Smart Contracts
State Variable
A variable stored permanently on the blockchain as part of a smart contract's data.
Last Updated
2026-03-19
Related Concepts
What is State Variable?
A state variable is a piece of data that a smart contract stores permanently on the blockchain. Unlike local variables that exist only during a function call, state variables persist across every transaction and function invocation.
How does State Variable work?
- Variables are declared in the contract with explicit types (uint256, address, bool, etc.).
- Each variable is assigned a storage slot in the EVM sequentially.
- Writing to a state variable costs gas and records the change permanently on-chain.
- Reading is cheaper free for view functions called off-chain.

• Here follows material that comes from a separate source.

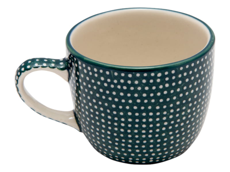 Unique pattern in a classic style, fine dots on a bottle green background. Border in bottle green. Boleslawiec pottery - handpainted.

Why does State Variable matter?
State variables are what enable contracts to track balances, ownership, and logic across time. Without them, contracts could only perform stateless, one-off calculations.
Key features of State Variable
- Persistent across all transactions and calls
- Writing costs gas; reading is cheap
- Each contract has isolated storage inaccessible to others
- Careful layout is critical for proxy upgrades
Examples of State Variable
In an ERC-20 token, balances is a state variable mapping addresses to amounts. In a DAO, votingDelay and votingPeriod track governance timelines.
In a lending protocol, totalDeposited accumulates user deposits over time.